SharePoint Discussion Group App
The Discussion Group app seems to be a default out-of-the-box SharePoint app. You activate it within a personal or team site (gear menu > Add an App). It has a lot of obvious benefits:
- people understand how discussion boards work
- boards can be visited whenever the person has time, and can be searched and indexed by SharePoint for broader amplification
- the ability to customize with extra columns (discussion categories) and a couple of out-of-the-box layouts
I set one up and a small group of us are trying it out. Five managers who already work regularly together but who share only management interests, not operations. It’s not fancy but it is a way to capture questions and answers in an easy way.

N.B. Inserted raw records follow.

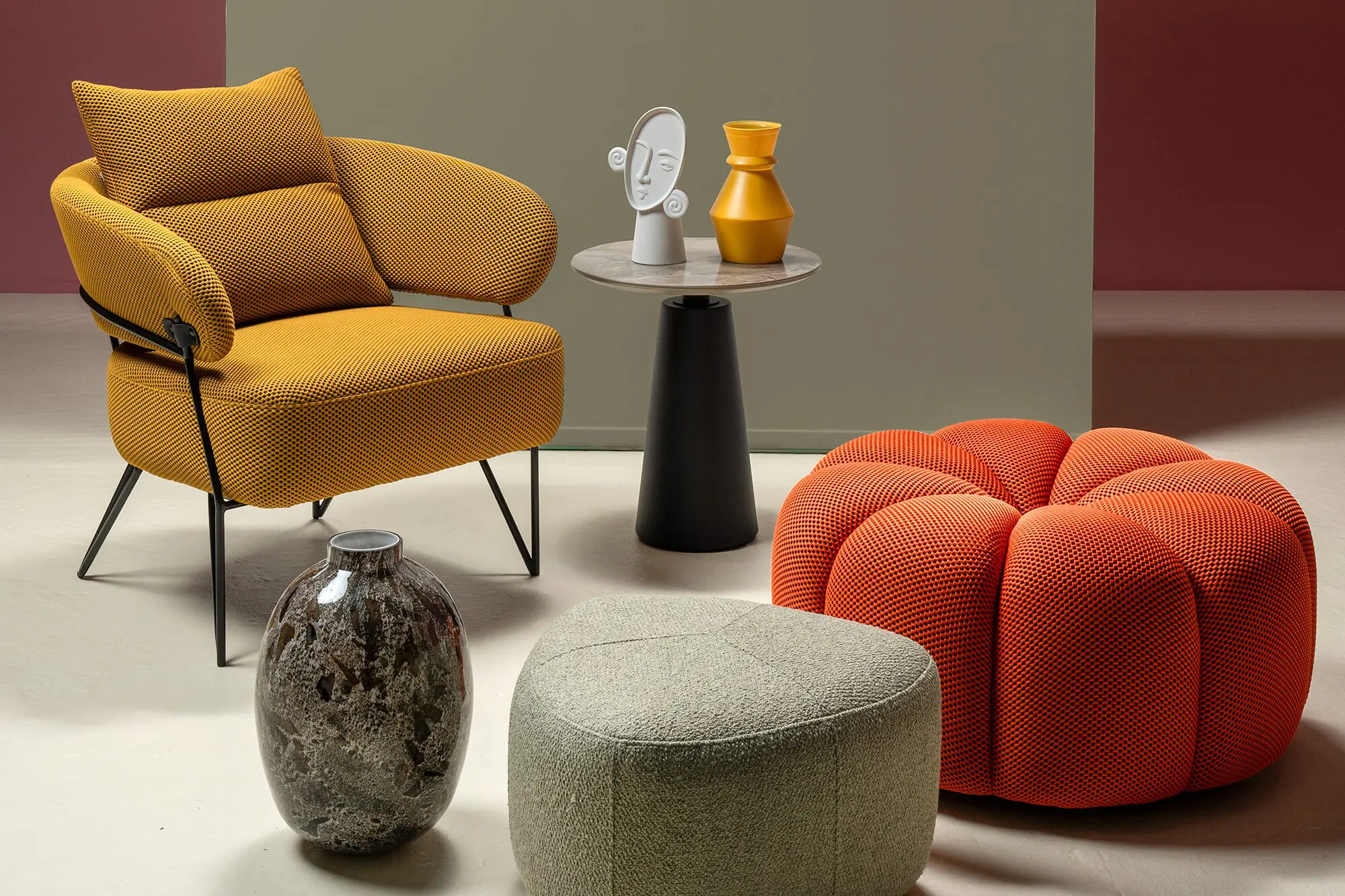 Adelante se ubica un puf, referencia Bermuda, tela Lazio verde claro; en el piso, jarrón Amass gris/arena y mesa auxiliar Madrid, de cerámica marrón, todo lo anterior de la marca BoConcept.
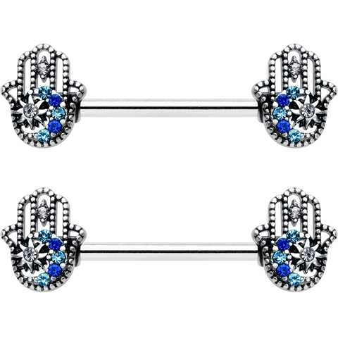 14G 9/16 Clear Blue Gem Textured Hamsa Hand Nipple Ring Set
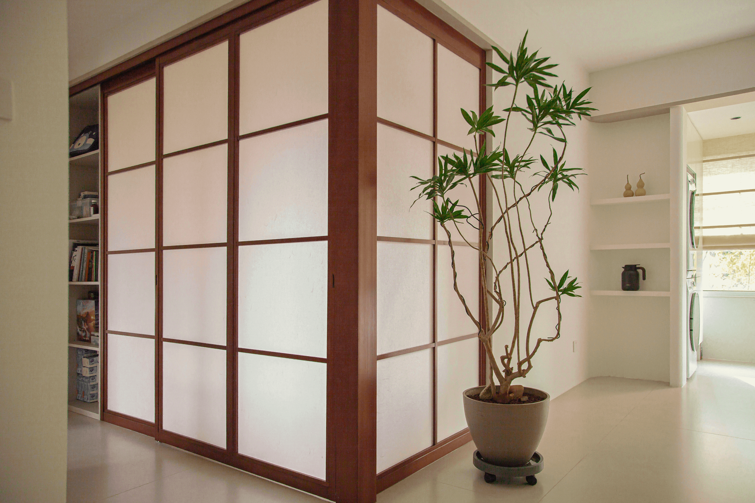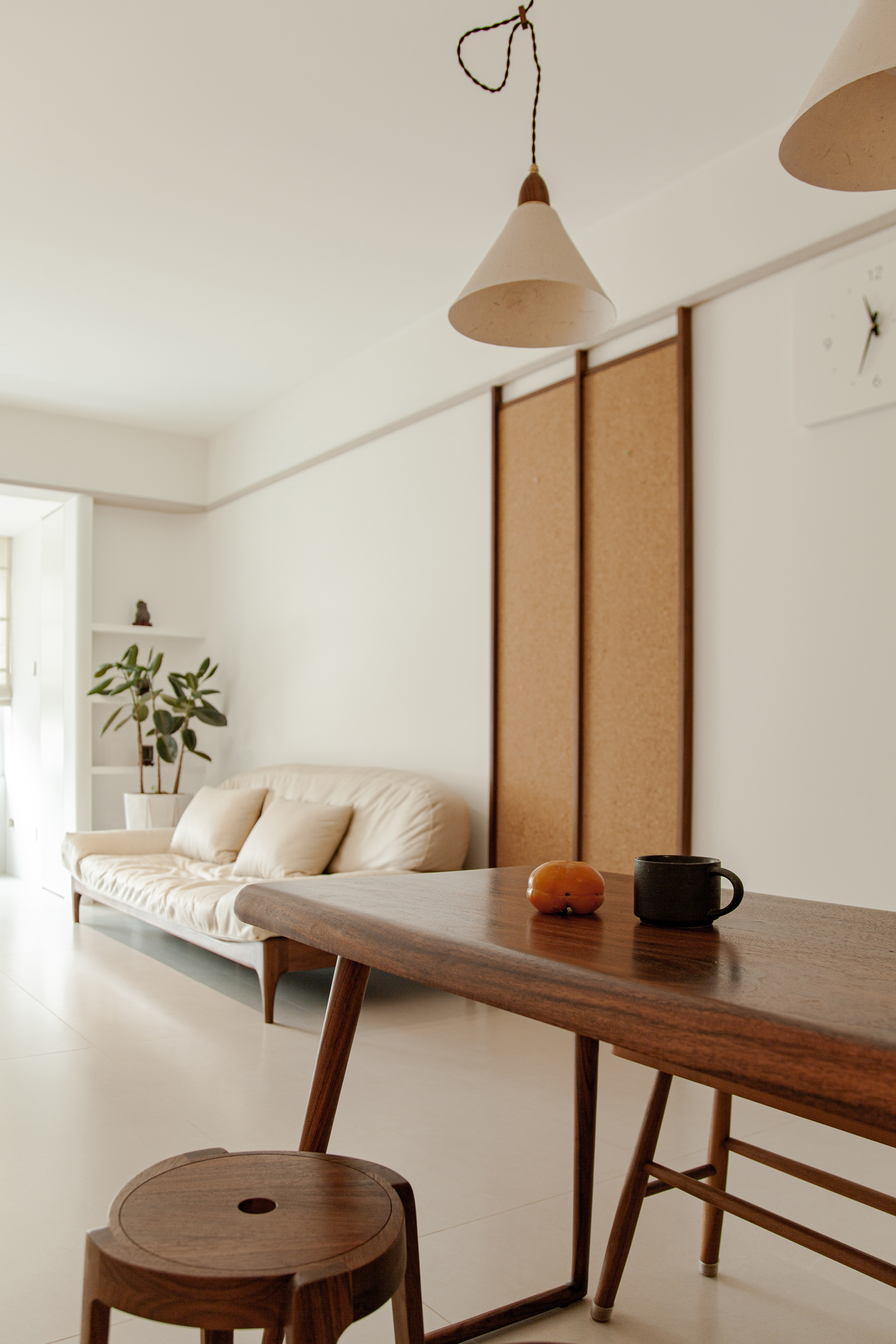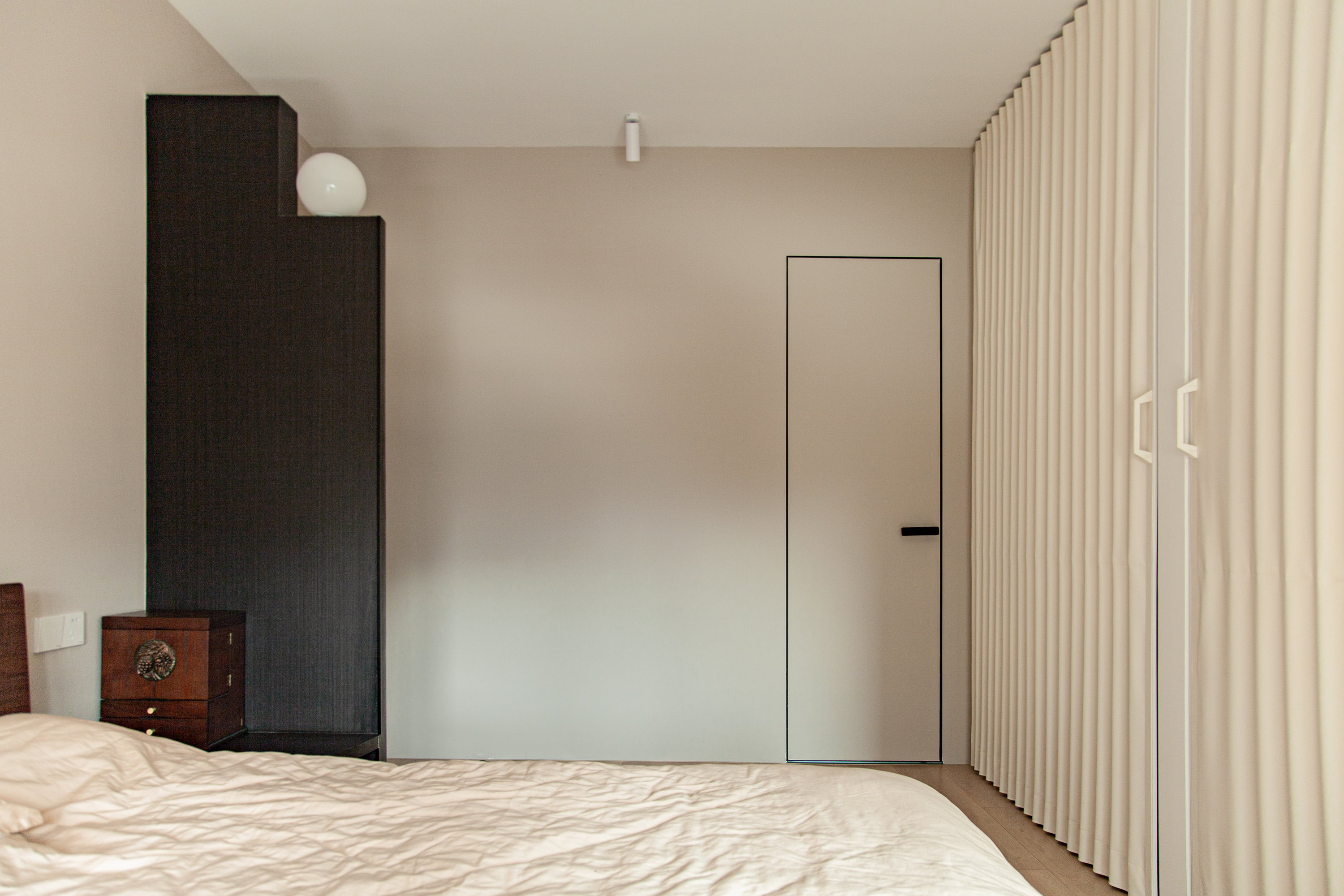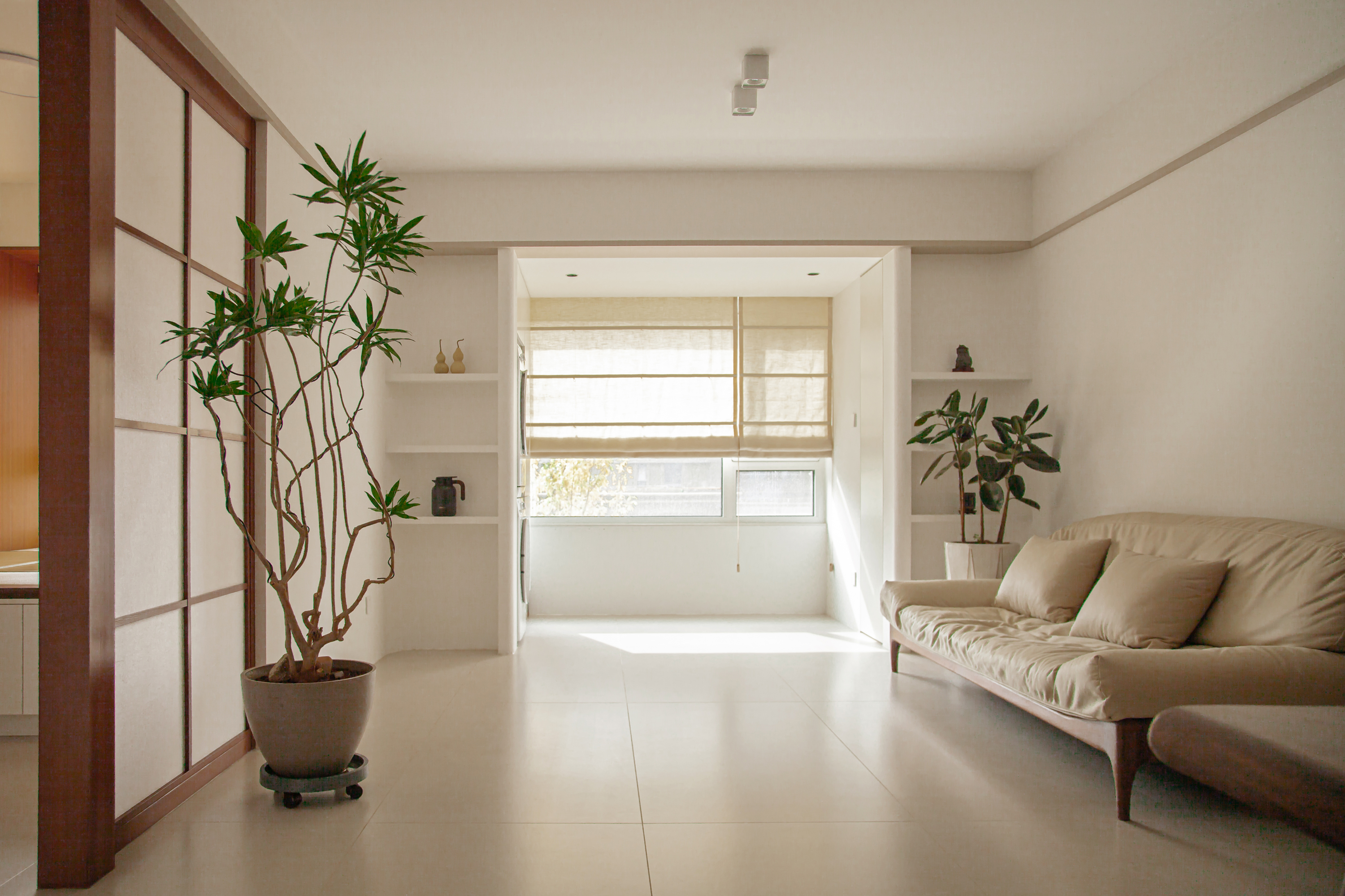 空间意境:设计中融合了自然光线与朴素材质的交互,通过木质、亚麻、障子纸等低碳材料的运用,营造出一种清新、安静且温暖的居家氛围。不同于传统日式风,本项目更加注重“与家对视”的情感表达,通过室内绿植、柔和的光线,以及对物品存放的精细规划,让居住者时刻感受生活的烟火气息。此外,在设计语言上,参考了《老友记》中公寓的开放性与社交场景,赋予空间更多日常交流的可能性。

You can also follow an RSS feed if that’s your preference. More importantly, you can link a Discussion Group directly to your Outlook client. Since so many people use Outlook as their work day dashboard, this was perhaps the best outcome. New posts to the discussion board are visible – but not obtrusive – in Outlook. It eliminates the need to run a second application (Skype) or even to visit a web site (SharePoint) to lurk or participate.
We’re going to test this out for a bit longer and then broaden the community. The technology doesn’t solve anything other than to give us a place to try to do the asynchronous communication we seem to need. Hopefully, we will start to be able to build the weak network that will help to foster additional trust across the organization.